WORK ORDER »
As an exercise in exact copying, transcribe the lines below from the one holding "Pronto. Sua fita" through the last, with both ends included and pictures left out.

DATASET EXCERPT »
BEGIN

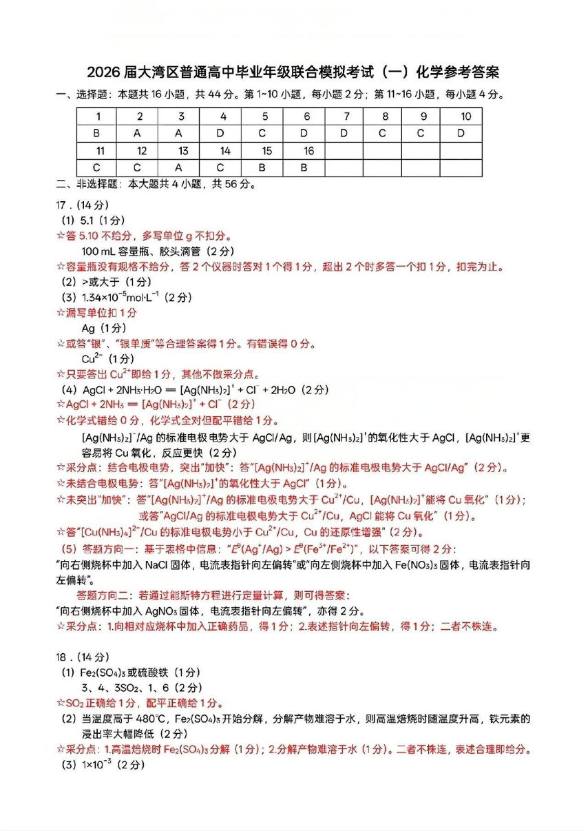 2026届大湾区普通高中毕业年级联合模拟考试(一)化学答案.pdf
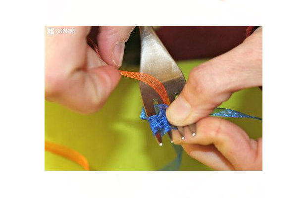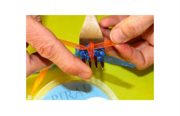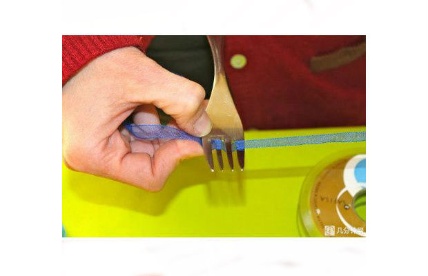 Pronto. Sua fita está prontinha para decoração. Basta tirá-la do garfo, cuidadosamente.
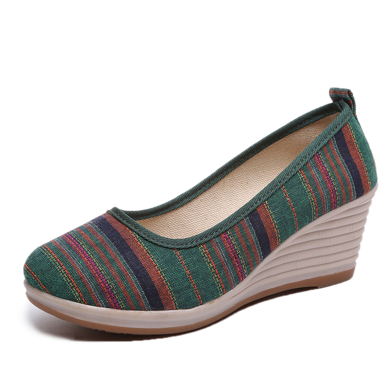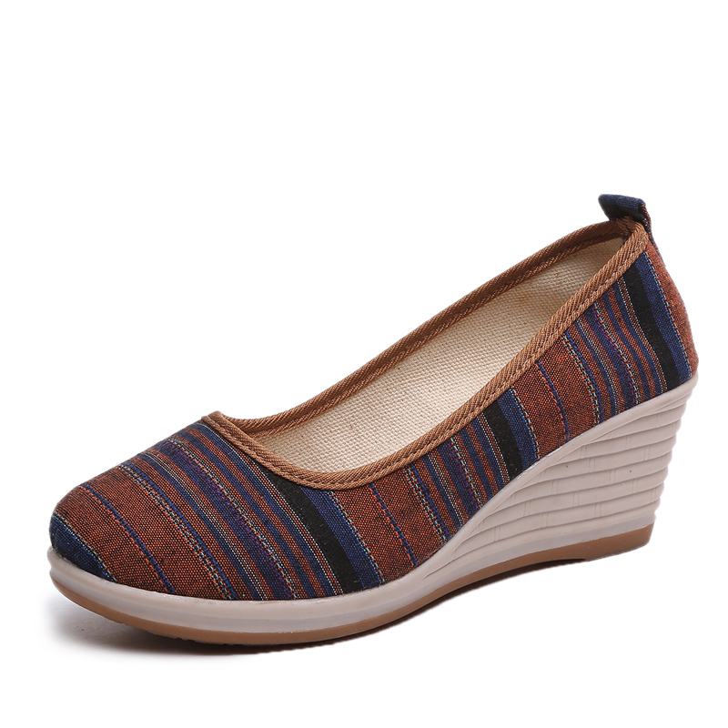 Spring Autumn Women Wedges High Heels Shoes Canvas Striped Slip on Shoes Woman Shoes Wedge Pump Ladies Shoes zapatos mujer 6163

END

EXERCISE ANSWER »
 Pronto. Sua fita está prontinha para decoração. Basta tirá-la do garfo, cuidadosamente.
 Spring Autumn Women Wedges High Heels Shoes Canvas Striped Slip on Shoes Woman Shoes Wedge Pump Ladies Shoes zapatos mujer 6163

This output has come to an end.